【レビュー】『旧約聖書の基本』『旧約聖書神学』『旧約聖書と環境倫理』『「回勅ラウダート・シ」と環境保護』
『旧約聖書の基本』(トレンパー・ロングマン著、老松望・楠望・竹田満訳、いのちのことば社、2千750円税込、B6判)は、近年の聖書学の成果をふまえて旧約各書の内容・著者・時代・文学ジャンル・新約とのつながり、をまとめる。たとえばヨブ記では、ヨブと友人の対話が整理され、ヨブ記を「知恵の議論」と位置づけ、苦しみや審判の先にキリストを見いだす。
「外部」の思想や神学ではなく、旧約そのものが神学的に語ることを聖書正典全体からさぐる『旧約聖書神学』(K・シュミート、小友聡監訳、日髙貴士耶訳、教文館、8千140円税込、A5判)もヨブ記に言及。混沌と秩序の対比、推論不可能な神の意志を表現する文学形式に注目する。
人間と自然を対立させる西洋的な二元論への批判として、近年文化人類学などからは「新アニミズム」が提唱されている。
『旧約聖書と環境倫理』(マリ・ヨアスタッド著、魯恩碩訳、教文館、6千50円、A5判)は、その批判的応答となる。

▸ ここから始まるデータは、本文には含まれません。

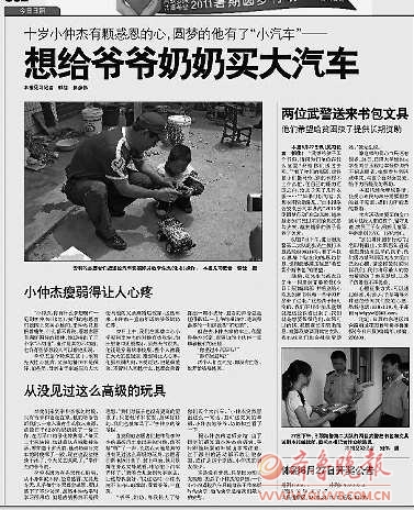本报7月19日讯(记者 彭彦伟) 19日,随着最后一批圆梦物品送到13个孩子手中,本报和安利公司联合举办的2011暑期圆梦行动落下帷幕,本次活动共帮助40名孩子实现了梦想。
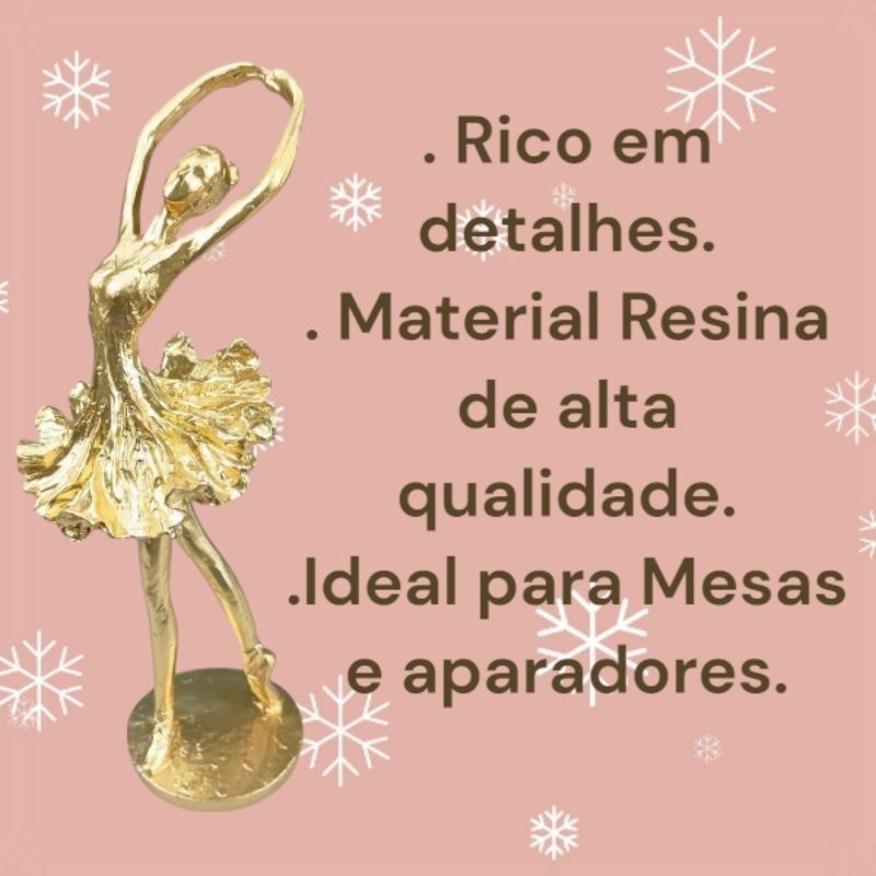 | Estatueta Estátua Escultura enfeite Bailarina dourada em resina com... este produto | R$ 56,50 | 4% | 4.9/5 | — |

リチャード・ボウカムも二元論をこえた「被造物共同体」を提唱しているが、本書はそれも踏まえ、人格的自然観の視点で聖書記述を検討。ボウカム同様、ヨブ記に注目するが、本書では、「土地所有権」の観点から、人間の領土を超えた大きな文脈を示す。
環境保護については『ライフスタイルの転換に向けて、ともなる歩みを「回勅ラウダート・シ」と環境保護』(吉川まみ著、女子パウロ会、千650円、四六判)が日常で生かせる方法を聖書を基盤に勧める。